§ **Exercise**: The line containing "Next, we investigated" marks the end; return exactly every line from the start of the records up to and including it, but no pictures.

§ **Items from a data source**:
+++++

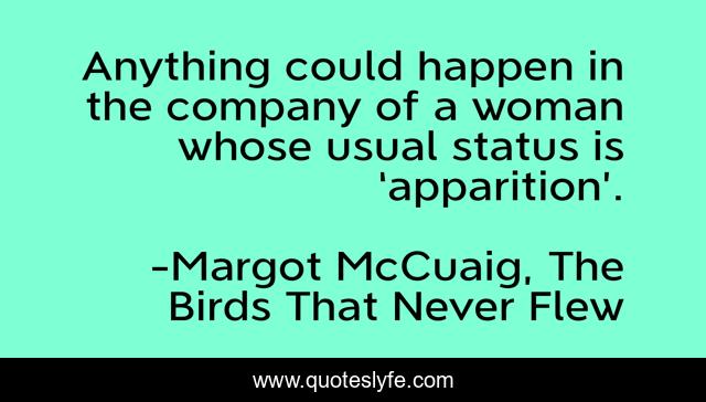 This page presents the quote "Anything could happen in the company of a woman whose usual status is ‘apparition’.". Author of this quote is Margot McCuaig, The Birds That Never Flew. This quote is about virgin-mary, literature, glasgow, women,.
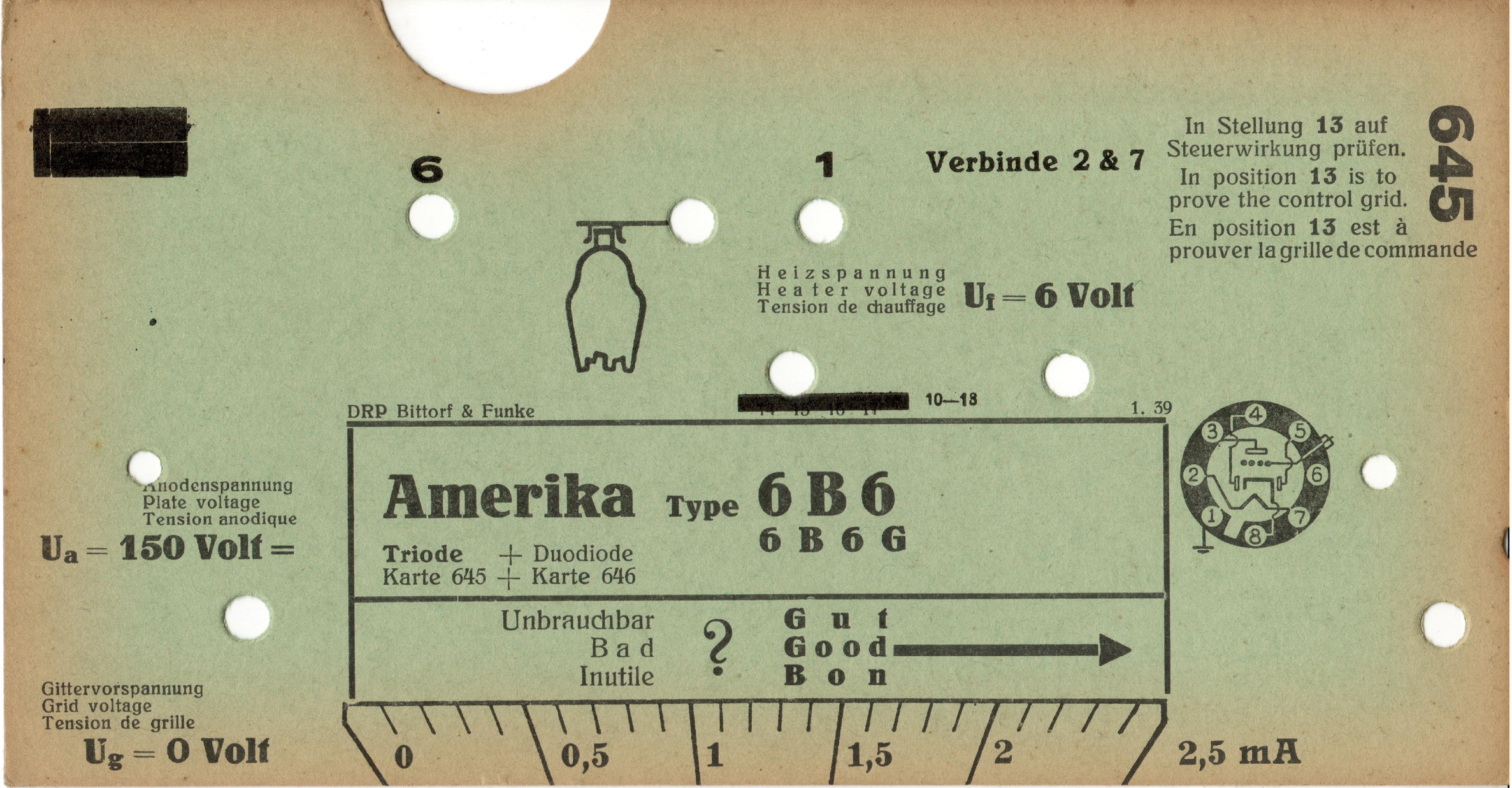 6 B 6 | 603 + 645 | #1: Funke-Prüfkartenverzeichnis vom 1.3.57 | Amerika-Röhrentypen | |
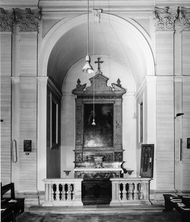 composto da mensa, gradino d'altare e dossale, con dipinto, inquadrato da paraste e sormontato da trabeazione e timpano spezzato con al centro targa con iscrizione; croce apicale
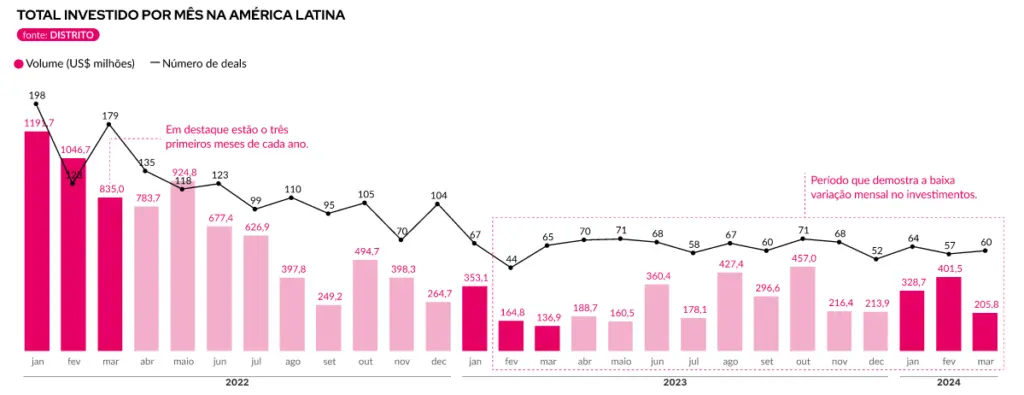 A título de comparação, o ano inteiro de 2023 registrou US$ 8,9 milhões em investimentos nessa modalidade. Ou seja, só nesse primeiro trimestre, as startups latino-americanas levantaram 43% do volume total do ano passado.
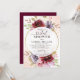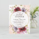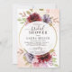 Invitación a la ducha con novia floral con delicados rosas burdeos, rosas, lilac y vegetación alrededor de un marco circular dorado y los detalles de su fiesta con un tipo de letra moderno.La invitación se puede personalizar fácilmente para cualquier evento añadiendo los detalles del evento, el estilo de letra, el tamaño y el color del tipo de letra y la redacción de su elección pulsando en el botón "Personalizar".
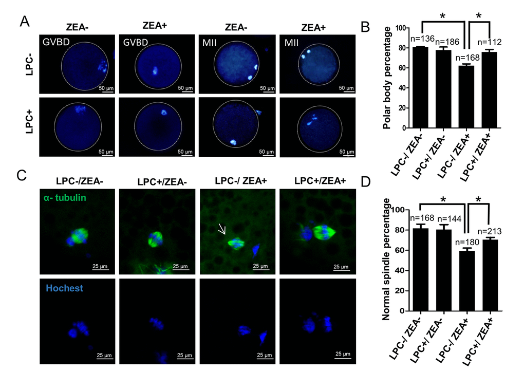 Next, we investigated the effect of 10 μM ZEA and 10 µg/mL LPC co-treatment on germinal vesicle breakdown (GVBD) and polar body extrusion (MII) (Figure 7A and 7B, FFigure S4B). Compared with the ZEA treated group (62.0 ± 5.02%), LPC could significantly protect the inhibition of ZEA on oocyte maturation (75.6 ± 6.86%; P < 0.05; Figure 7B). We further detected the effect of ZEA on the meiosis spindle assembly of oocytes. The result showed that compared with control group (81.7 ± 7.37%), ZEA treatment significantly decreased the percentage of normal spindle assembly in oocytes (59.3 ± 5.13%; P < 0.05), and LPC could protect the inhibition of ZEA on the spindles assembly (70.7 ± 3.79%, P < 0.05; Figure 7C and 7D).
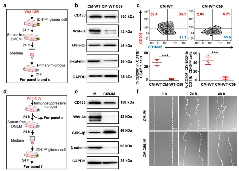 图4. Wnt抑制剂阻碍小胶质细胞抑炎极化及癌细胞迁移。(a)用Wnt-C59处理的IDH1WT GL261胶质瘤细胞培养液或未经处理条件培养液作用于原代小胶质细胞的示意图。(b)上述条件培养液处理后的小胶质细胞中CD163,Wnt3a,GSK-3β和β-catenin蛋白的Western blot结果图。(c)经上述条件培养液处理后小胶质细胞的流式分析结果图。(d)抑炎型小胶质细胞经Wnt-C59处理后实验操作的示意图。(e)抑炎型小胶质细胞经Wnt-C59处理24 h后,CD163,Wnt3a,GSK-3β和β-catenin蛋白的Western blot结果图。(f)IDH1WT GL261肿瘤细胞经Wnt-C59(CM-C59-IM)和未经Wnt-C59(CM-IM)处理后的抑炎型小胶质细胞培养液刺激24 h后的划痕实验结果图。
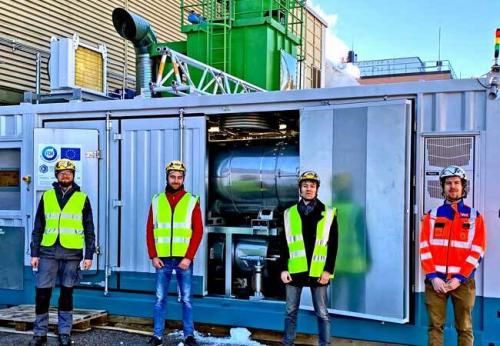 v.l. Cornelius Randing, Vinzent Ruf, Johan Tallgren, und Aki Braunschweiler vor der Containeranlage in Espoo beim Abschluss des HySTOC-Projects im Mai 2022 Quelle: Hydrogenious LOHC Technologies |
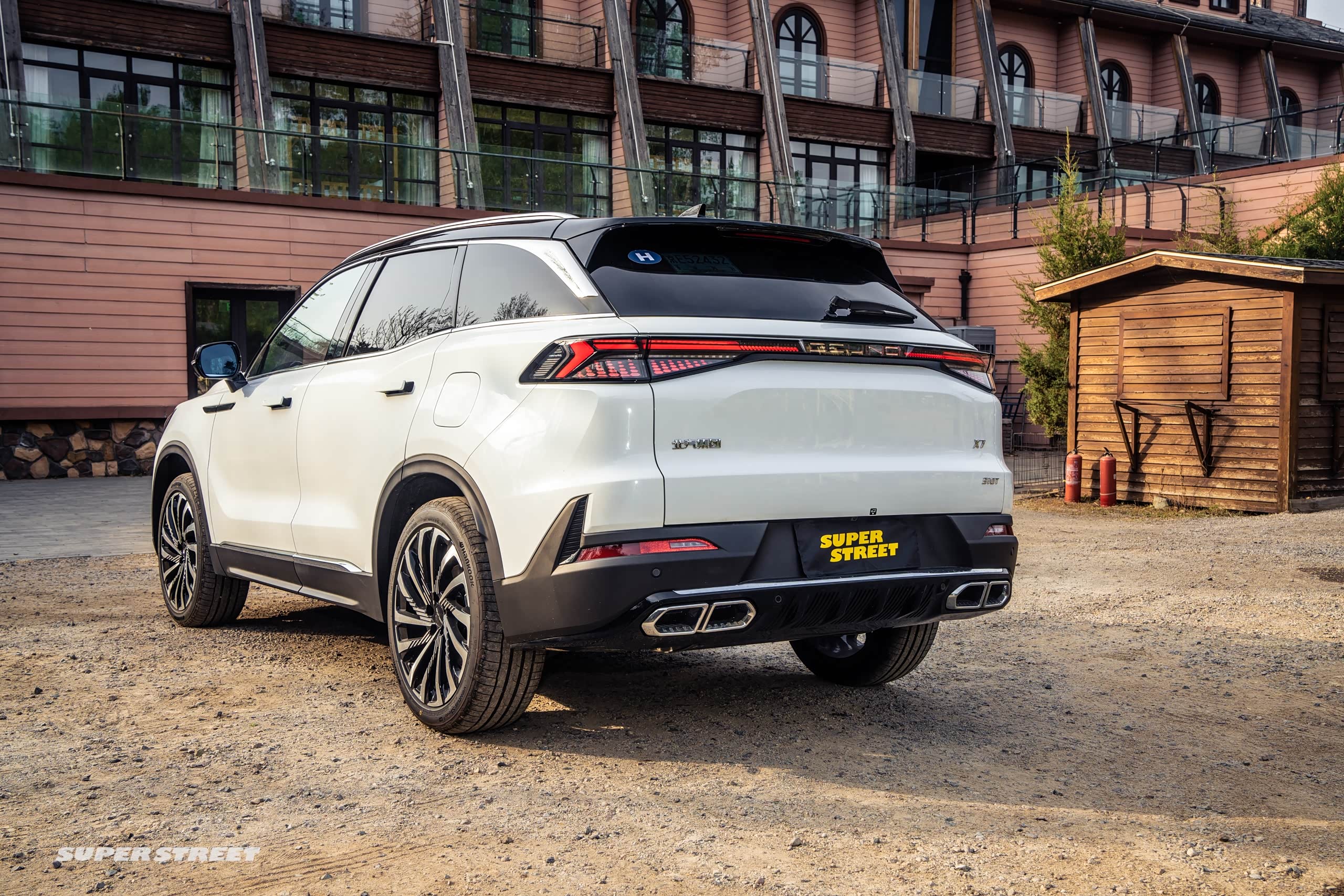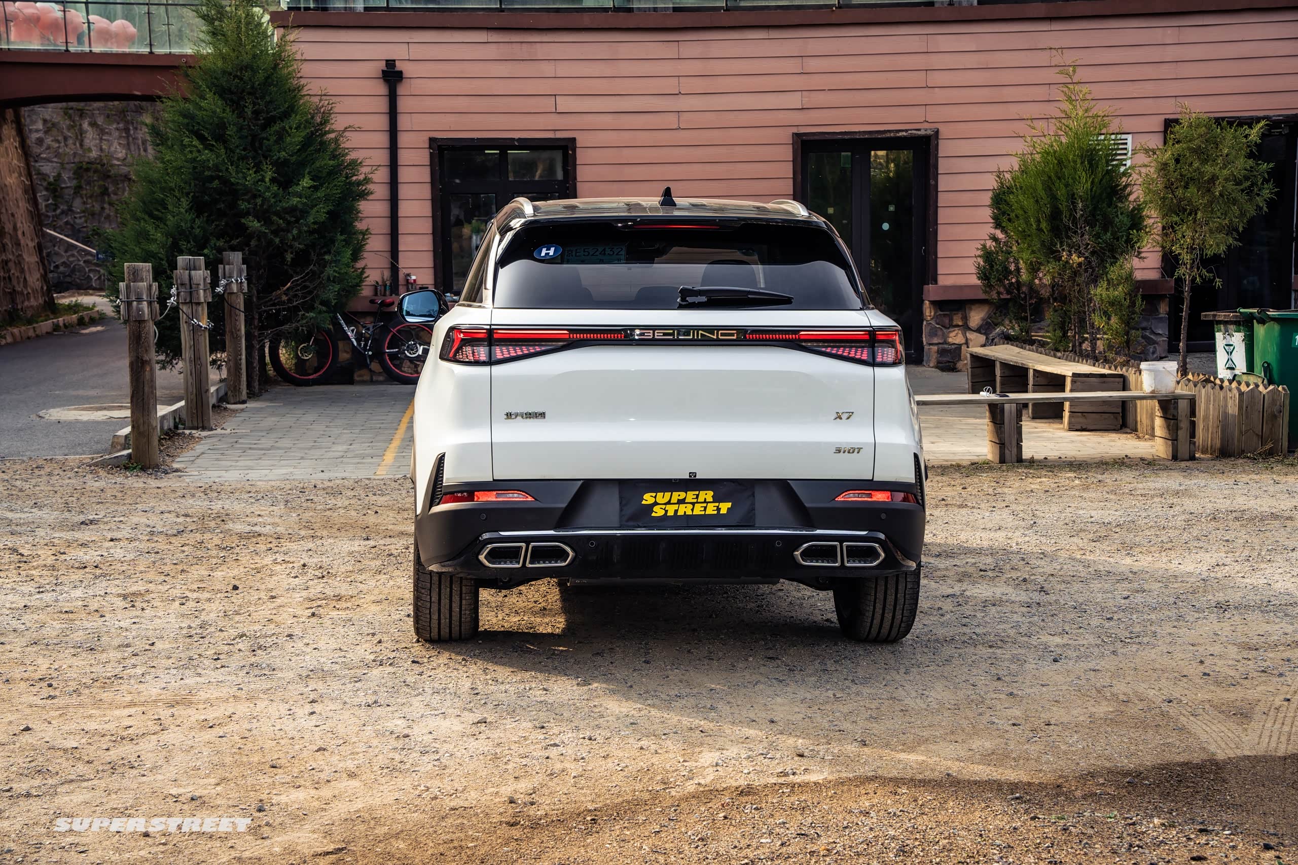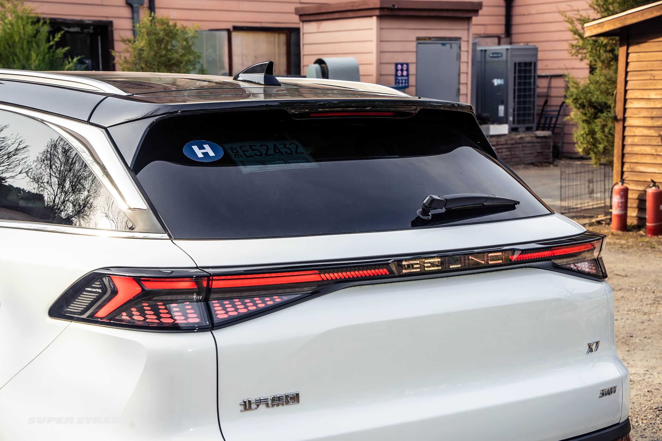 我们现在看一下车的尾部,车尾部其实最大的特点还是它这个贯穿式的车尾灯,北京的这个标志都是可以发光的,在下面看到它是双边四出的尾口,在后期就不用改装了,这样尾口是非常有气势

+++++

§ **Final answer**:
 This page presents the quote "Anything could happen in the company of a woman whose usual status is ‘apparition’.". Author of this quote is Margot McCuaig, The Birds That Never Flew. This quote is about virgin-mary, literature, glasgow, women,.
 6 B 6 | 603 + 645 | #1: Funke-Prüfkartenverzeichnis vom 1.3.57 | Amerika-Röhrentypen | |
 composto da mensa, gradino d'altare e dossale, con dipinto, inquadrato da paraste e sormontato da trabeazione e timpano spezzato con al centro targa con iscrizione; croce apicale
 A título de comparação, o ano inteiro de 2023 registrou US$ 8,9 milhões em investimentos nessa modalidade. Ou seja, só nesse primeiro trimestre, as startups latino-americanas levantaram 43% do volume total do ano passado.
 Invitación a la ducha con novia floral con delicados rosas burdeos, rosas, lilac y vegetación alrededor de un marco circular dorado y los detalles de su fiesta con un tipo de letra moderno.La invitación se puede personalizar fácilmente para cualquier evento añadiendo los detalles del evento, el estilo de letra, el tamaño y el color del tipo de letra y la redacción de su elección pulsando en el botón "Personalizar".
 Next, we investigated the effect of 10 μM ZEA and 10 µg/mL LPC co-treatment on germinal vesicle breakdown (GVBD) and polar body extrusion (MII) (Figure 7A and 7B, FFigure S4B). Compared with the ZEA treated group (62.0 ± 5.02%), LPC could significantly protect the inhibition of ZEA on oocyte maturation (75.6 ± 6.86%; P < 0.05; Figure 7B). We further detected the effect of ZEA on the meiosis spindle assembly of oocytes. The result showed that compared with control group (81.7 ± 7.37%), ZEA treatment significantly decreased the percentage of normal spindle assembly in oocytes (59.3 ± 5.13%; P < 0.05), and LPC could protect the inhibition of ZEA on the spindles assembly (70.7 ± 3.79%, P < 0.05; Figure 7C and 7D).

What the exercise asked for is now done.